Changing tack a little since my last post in [Agricultural Approaches](), I wanted to skip ahead to something I'm particularly interested in. This is a big segue from my previous posts (not segway, that's something else entirely), hence the start of a new blog series. This way, I'm hoping to swap backwards and forwards between simple and higher level concepts, and between different subjects without bamboozling myself, or indeed anyone else, in the process.

I'm really interested in the ways in which algorithms can be used to analyse text. There is a profound amount of content, both generated historically and produced daily, that is based in language. Words are the closest humans have to representations of distinct ideas, and it's absolutely incredible how we use them.

At the risk of falling into a recursive loop; consider what I've written so far on the page, and how the black and white scratchings have (hopefully) conveyed meaning well above and beyond the pixels that make them up. Consider further how figurative language like "scratchings" and "above and beyond" don't just provide a literal meaning, but tap into associations that are common between a writer and their audience. Consider even further how when I refer to "a writer" and "their audience", even without any further information it's clear that I'm referring to myself and all of you because that's how people with an admittedly flowery disposition with words have spoken to you in the past... Consider even further again how... gaahhh abort,abort,abort...

Language is incredibly powerful and is a perfect insight into how humans not only perceive, but understand, the world around them. Beyond this, it has been shown that *Language affects a human's understanding of the world*; there is a feedback effect, whereby as language is learnt, our vocabulary *affects* how we differentiate between real world stimuli. This is known as the [Sapir-Whorf Hypothesis](http://www.linguisticsnetwork.com/wp-content/uploads/What-is-the-Sapir_Whorf-Hypothesis.compressed.pdf), and it might just be my favourite of all the 'ideas' or theories that I've ever come across (tied closely with the supposed etymology of the word "foreign" but, as this is probably apocryphal, I'll leave it for another time).
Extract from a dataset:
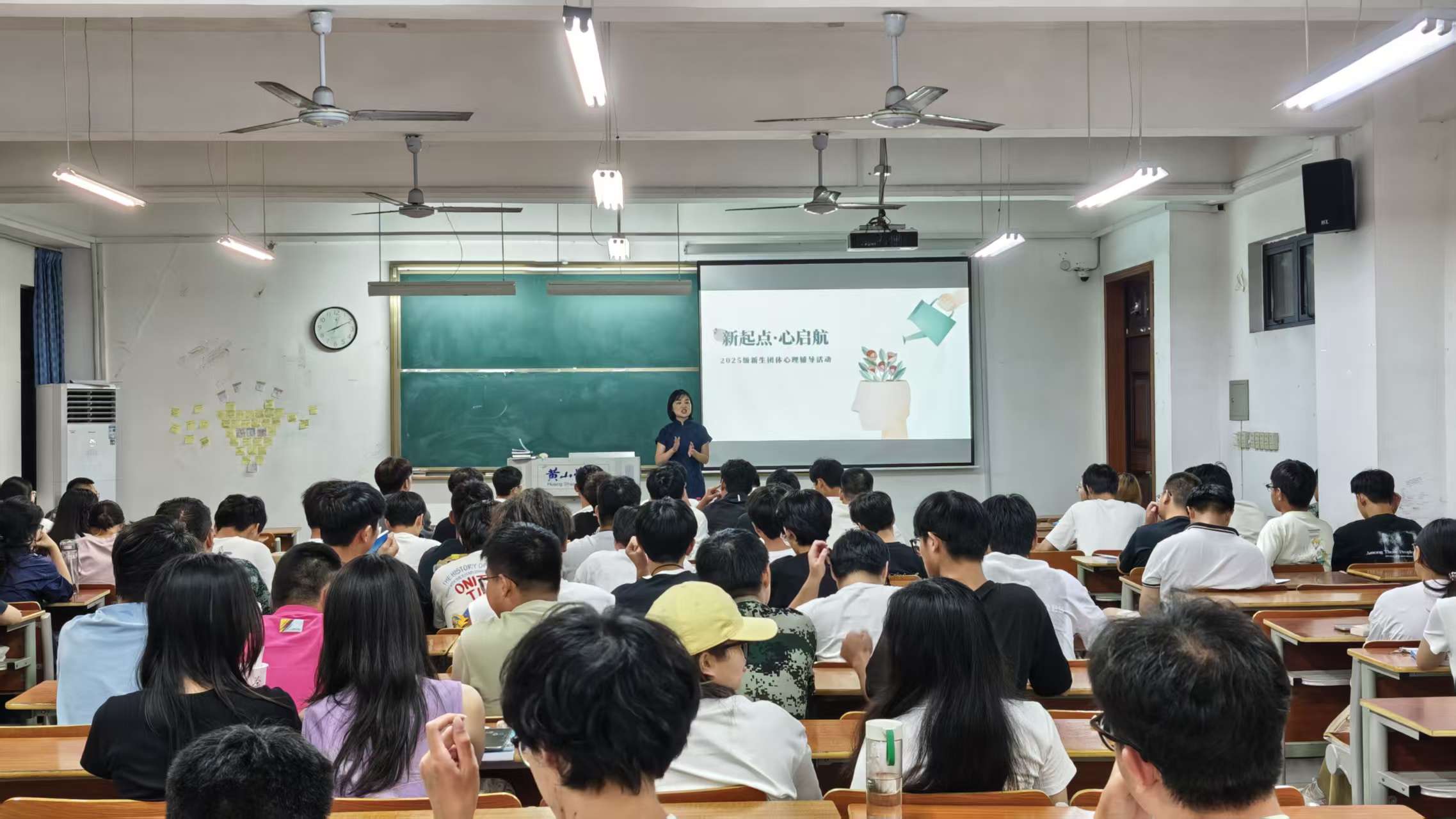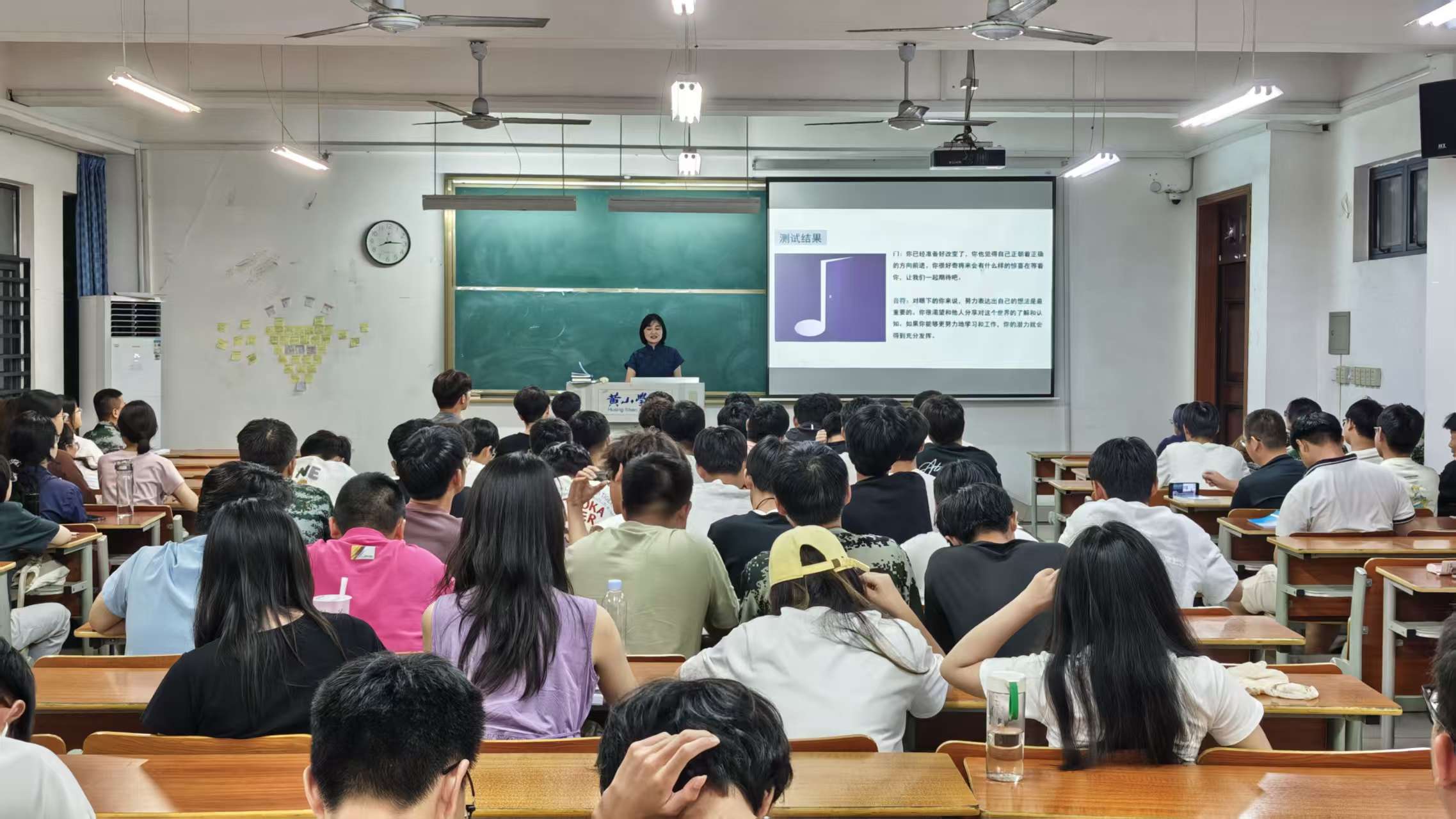 辅导员钱亚婷针对新生面临的环境适应、人际关系、学业压力、自我认知等方面的问题,结合化学化工学院各专业学生的特点,用生动案例和互动交流的方式,帮助新生们更好地理解与适应大学生活。她还特别强调“跳出固定型思维” 的重要性,鼓励新生勇敢突破舒适圈,将遇到的挑战视为心理成长的契机,主动关注自身状态、及时寻求帮助。

It's for these reasons I believe that understanding language is the key to understanding how we think. In this blog I want to explore the ways in which an algorithm can begin to get a handle on the former, and the steps required for us to begin to approximate the latter. 

I'll start with pretty simple ideas, because I'm learning here too, but hopefully we'll progress into areas that are genuinely taxing and interesting. Anyway, I've rambled on enough, I hope you enjoy it.

### Spit it Out

I always find that it's best to start with a good example, or project, in mind. In this case, I've been interested in the disparity between reportage of different news outlets for some time, even more so since the tail has begun to wag the dog in terrifying ways (see the EU Referendum and the 2016 US Election). I don't mean that as a political point, it's more that I remember the shock of finding out, twice in a year, that what I'd thought was a sure bet, what everything I'd read had said was a sure thing, turned out to be anything but. I decided that in an ideal world, whatever a persons views were, whatever their voting intention, everyone should be presented with the same facts, without bias or agenda. In reality this is near impossible, but the next best thing, surely, is to take all of those different biased and agenda driven publications, on both sides of the argument, and play them off against each other.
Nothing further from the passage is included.